The Power of Moving LLM Reasoning into Latent Space
There are plenty of tasks that the large LLMs we use every day are still terrible at. One category: simple puzzles that require generalizing from limited examples, interpreting symbolic meaning, and flexibly applying rules, like those in the ARC-AGI benchmarks. These problems are dead-simple for humans to solve.

Sudokus fall into this category as well. Humans breeze through them, but they’re brutally hard (or sloooow to solve) for LLMs.
Think about how an LLM like ChatGPT might solve a Sudoku: “Cell 3,4 can’t be 5 because row 3 has 5, can’t be 7 because column 4 has 7…” writing out every single logical step as text.
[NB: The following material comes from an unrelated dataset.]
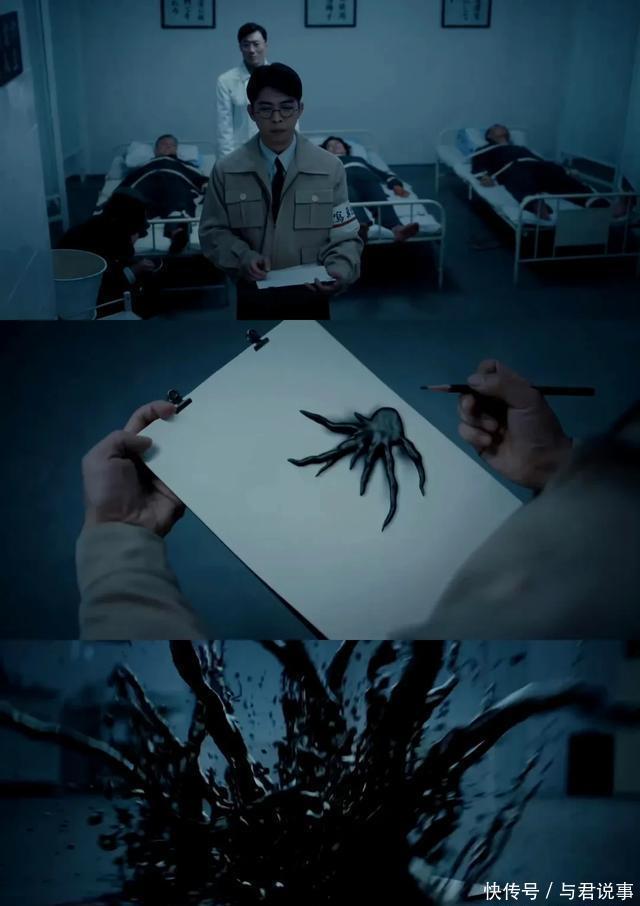 还有章宇饰演的日本画师荒川良平,在良知与死守之间的抗争计议了前几集。他被叫去画图东说念主体推行图时,看到中国子民被绑在推行床上,脚上的冻疮驰魂宕魄,他忍不断止指恐慌、额头冒盗汗,连吞咽涎水的微看成都在诉说内心的扯破,绘画时画本上蓦然炸开的玄色病毒“魔爪”,恰是他内心怯生生的外化。

This is both error-prone (one wrong token derails everything) and incredibly slow and token-inefficient.
I just read “Less is More: Recursive Reasoning with Tiny Networks”, which builds on the Hierarchical Reasoning Model (HRM) from last summer that generated lots of attention. The result: a 7M parameter model achieves 87% accuracy on extreme Sudokus and 45% on ARC-AGI-1.
For comparison, that’s 0.01% the size of DeepSeek R1 (671B parameters), which has a 0% solve rate on Sudokus and 15.8% on ARC-AGI-2. Similar story when comparing against Claude or OpenAI models.
That’s a breathtaking difference. I’m still feeling surprised.
The big innovation isn’t better training data, better post-training, better mixture of experts setup, etc.
It’s a fundamentally different model architecture. Reasoning happens in a latent space rather than through text. The model maintains a compressed internal state and iteratively refines it (“thinking” without generating a single token). This makes the models orders of magnitude smaller while dramatically outperforming their giant cousins on these tasks.
I predict we’ll see tiny architectures like this get a lot of attention and become useful/impactful in industry settings as researchers look to make today’s massive LLMs much smaller while preserving (or improving) their ability to reason through specific problem types.